Peter Cameron's Blog 2025-12-05

GitHub saved my bacon a couple of years ago when the University decided to close down personal web pages. At a colleague’s suggestion, I moved everything to GitHub, and there it has stayed since.

At that time I just dumped everything there. Now I have decided that I should put a bit of order into the chaos. In the process, I have discovered that GitHub is one of the worst pieces of software I have ever had to use. I just note some “features”:

  1. There is no manual, and no online help. This is compounded by the cryptic names given to the commands, of which “Commit” for “Save” is one of the mildest. So later on, when I say “X is not possible”, you should read it as “I can’t find out how to do X, see Point 1”.
  2. You can move a file down, into a subfolder (bizarrely, this is done by editing the file, even if it is a binary file which can’t be edited); but you can’t move it up or sideways.
  3. You can upload something, but you can’t download.
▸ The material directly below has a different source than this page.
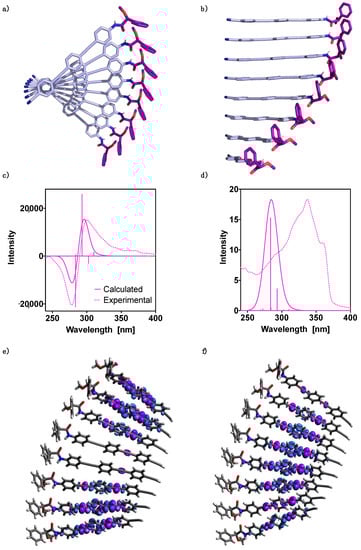 Oligo(phenyleneethynylene) (OPE) (S)-1 hh 8-mer structure: (a) perpendicular view and (b) hh parallel view. TD-DFT (CAM-B3LYP)/3–21G spectra: (c) ECD and (d) UV-Vis. The corresponding experimental spectra are plotted for comparison. No correction factors are included in the theoretical wavelengths. Electron density differences (purple color negative and blue positive, isovalue = 0.0002) for transitions: (e) S0 → S7 and (f) S0 → S9.

There is a glitch here too: you can upload a folder by dragging it into a window, but not by selecting it.
  4. If you make a mistake, as I did (I accidentally deleted my entire talks directory) you can, by clicking everything clickable until something you want happens, get back to the situation before you deleted it; but you can’t tell GitHub to reset this as the current version. I had a very stressful couple of hours trying to figure out how to do that, and didn’t succeed.
  5. And on top of this, there is the very annoying three minute wait after every change. It doesn’t tell you when it has finished doing what it does. And sometimes this is crucial, and not waiting is disastrous; sometimes it gives you a stern warning “Run Cancelled” but in fact everything is fine; and sometimes it seems not to be necessary to wait at all.

Later I remembered that GitHub is owned by Microsoft, and all became clear.

My web pages exist because I have a possibly exaggerated belief that some people find them useful. But if they ever start charging for GitHub, I will probably decide that I am not going to pay to use that rubbish, and pull the plug on it.